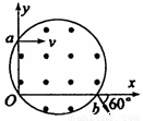 (13分)一个重力不计的带电粒子,以大小为v的速度从坐标(0,L)的a点,平行于x轴射入磁感应强度大小为B、方向垂直纸面向外的圆形匀强磁场区域,并从x轴上b点射出磁场,射出速度方向与x轴正方向夹角为60°,如图所示.求:
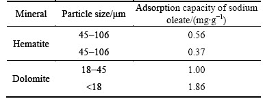 Table 2 Sodium oleate adsorption capacity on different minerals
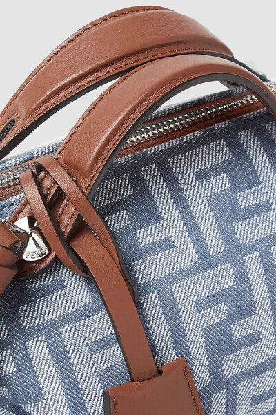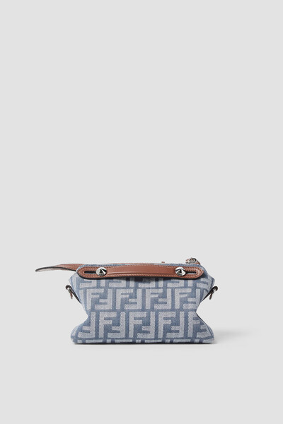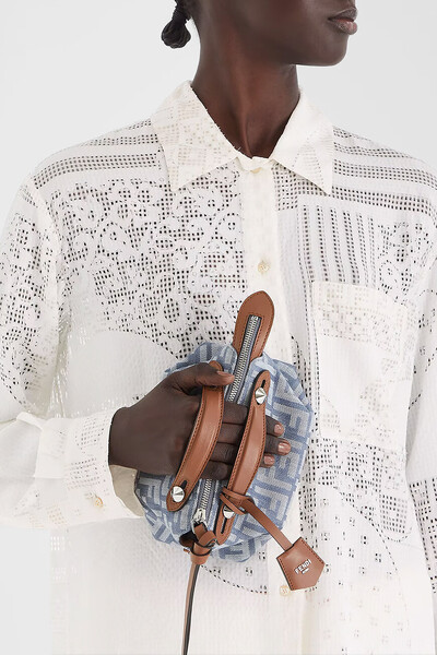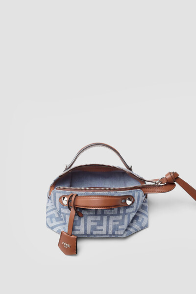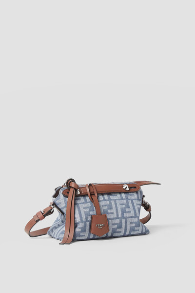 Сумка-мини By The Way Soft от бренда Fendi с двумя вариантами для переноски. Поверхность легендарной модели из плотного синего текстиля с эффектом денима покрыта геометрическим жаккардовым мотивом «FF» голубого оттенка в крупном начертании. Характерными особенностями аксессуара являются отделка из мягкой телячьей кожи коричневого цвета и металлическая фурнитура с палладиевым покрытием. А роли атрибута Дома выступает персонализируемая подвеска на одной из ручек.

━━━━━━━━━━━━━━━━━━━━━━━━━━━━━━

** Assigned task **
In your copy, restate the data above word for word but leave out any picture.

** Problem solution **
 (13分)一个重力不计的带电粒子,以大小为v的速度从坐标(0,L)的a点,平行于x轴射入磁感应强度大小为B、方向垂直纸面向外的圆形匀强磁场区域,并从x轴上b点射出磁场,射出速度方向与x轴正方向夹角为60°,如图所示.求:
 Table 2 Sodium oleate adsorption capacity on different minerals
 Сумка-мини By The Way Soft от бренда Fendi с двумя вариантами для переноски. Поверхность легендарной модели из плотного синего текстиля с эффектом денима покрыта геометрическим жаккардовым мотивом «FF» голубого оттенка в крупном начертании. Характерными особенностями аксессуара являются отделка из мягкой телячьей кожи коричневого цвета и металлическая фурнитура с палладиевым покрытием. А роли атрибута Дома выступает персонализируемая подвеска на одной из ручек.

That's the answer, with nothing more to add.